The day starts well with coffee and cornetti at an outdoor café in the lovely Campo Santi Giovanni e Paolo ...
... also known as the campo delle meraviglie (square of marvels) because it houses both the Scuola Grande di San Marco (detail of its gorgeous facade with patiently-waiting dog below left) and the Basilica San Giovanni e Paolo (below right) where no fewer than 25 doges are entombed.
Unfortunately I was only able to take a couple of pictures inside the basilica before being politely ejected for wearing a sleeveless dress, hence not being covered with due modesty. (Mea culpa - I should have known better; my daughters, dragged around cathedrals from infancy, had thought to bring scarves).
We head off past the Scuola (below, now a hospital - like no other I know!), alongside the canal ...
passing a lone gondolier ...
and a villa to dream of ...
This one would do nicely too ...
... one's laundry and transport both sorted, ma certo!
Our destinazione: the lagoon, to the vaporetto station of Fondamento Nuove, to catch a boat to the islands ...
(No, not this one, but the Maria Vittoria, anchored nearby, was much prettier than the vaporetto).
Just under an hour later we hop off a tightly crowded boat to explore the island of Torcello in the north end of the Venetian lagoon
Torcello is a bit like a ghost island - there are no cars and a tiny population of well under a hundred people.
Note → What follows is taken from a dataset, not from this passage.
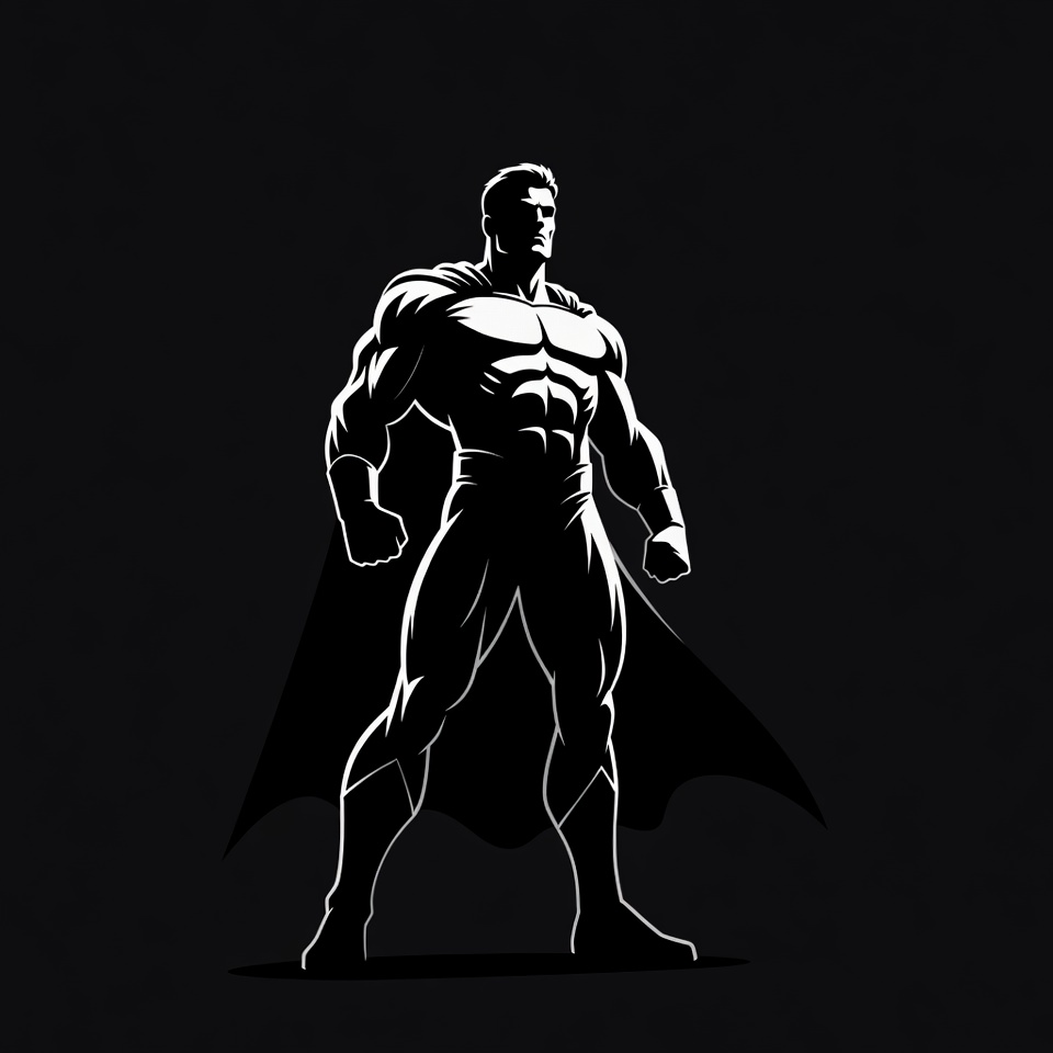 action, action-hero, art, bold, cape, character, comic, courage, darkness, design, fantasy, figure, hero, muscular, night, pose, power, silhouette, standing, strength

But it used to be a thriving city: way back in the 5th century it was settled as a refuge by people escaping barbarian invasions. By the 10th century it had a huge population and was far more powerful politically and economically than Venice.
Hard to imagine now ... as the lagoon around the island turned to swamps, and a breeding ground for malaria, it was gradually deserted ...
leaving behind these lush, semi-abandoned gardens and ruins, surrounded by the green swampy lagoon and an eerie quiet ...
... as well as the basilica of Santa Maria Assunta, which goes back to 639 AD and has awe-inspiring Byzantine mosaics lining walls, ceiling and floors. Nothing about the outside of this place prepares you for the beauty and grace of the inside. Sadly I have no photos - not because I was thrown out this time, but because photography is strictly forbidden. But see here for Jan Morris's lyrical description in the Financial Times of both the island and what she calls "the most moving church in Christendom".
We have lunch on the island, in the garden of Locanda Cipriani ...
right under the pergola below, a setting we might never want to leave
and even the long wait on the jetty and a hot, crowded vaporetto ride back to Venice seems a small price for this day on the lagoon.